Федор понял: добрый попик просто пришел посочувствовать. Хороший попик. Хотя идею землянки на их монастырском холме надо на всякий случай запомнить. Где этот ихний холм находится, интересно? Федор ушел в сарай и вернулся с кусками вареного судака в полиэтиленовом мешке:
— Вот, батюшка, или как вас там называть положено: примите в благодарность за сочувствие и за добрые слова Ваши. Утром поймали с Константином, так что свежий еще, не побрезгуйте.

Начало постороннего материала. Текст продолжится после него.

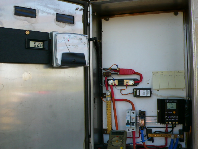 Yea Gill it was only 10 to 20 k so was only getting .5 to 2.6 at 54V = 25 to 160 watts . The volt meter in the cabnet door is reading in Watts and the amp meter is done like Glen explains in info except if I tap 9v of the batt bank it doesn't work must have a common earth ... Phill
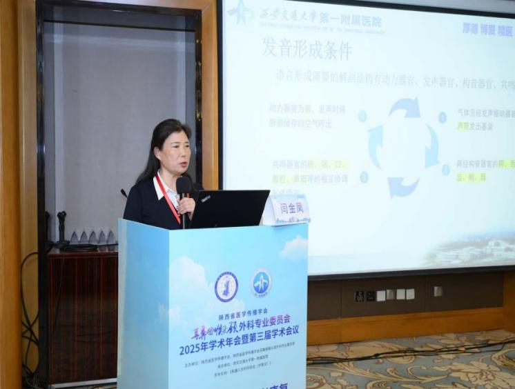 学术交流环节邀请我科白艳霞副主任担任主持。本次学习班紧扣“喉癌围术期康复”主线,课程设置全面覆盖全周期康复关键环节。由西安交通大学医学院第一附属医院耳鼻咽喉头颈外科张少强主任全面解析《全喉切除术后发音重建》,详细讲解喉癌手术相关术后发音功能康复的方式选择与效果评估;西安交通大学医学院第一附属医院耳鼻咽喉头颈外科赵瑞敏医师图文并茂的分享了《喉部不同手术方式对患者吞咽功能的影响及康复锻炼实践》,探讨手术方式不同与术后吞咽障碍的关联及吞咽功能康复优化策略;西安交通大学医学院第一附属医院耳鼻咽喉头颈外科闫金凤护士长讲解《全喉切除术后患者语音康复研究进展》,梳理喉癌术后言语康复的方式方法,并着重对食管发音康复训练步骤进行讲解演示。

— Ай, спасибо! — обрадовался попик, — вот уж возликует братие мое! Царский ужин получится! А я вам сольцы выделю, со своей стороны, — засуетился он, копошась в складках рясы, — вот, добрые люди целую пачку подарили: как раз вам пригодится: рыбку солить. Соль-то денег, небось, стоит, а зачем вам на нее тратиться, когда у меня лишняя имеется? Вот и получилось у нас с вами все по-братски, по-божески: вы мне подали, а я — вам. Теперь эта бартером называется, такое вот собачье слово, тьфу! Ну, бартер или не бартер, а все равно у нас с вами по-божески получилось, с любовью в сердце. Любовь: вот что завещал нам Господь…
Попик не заметил, как начал меняться лицом Федор, и продолжал:
— …Ибо только любовь может спасти нас и дать нам жизнь вечную…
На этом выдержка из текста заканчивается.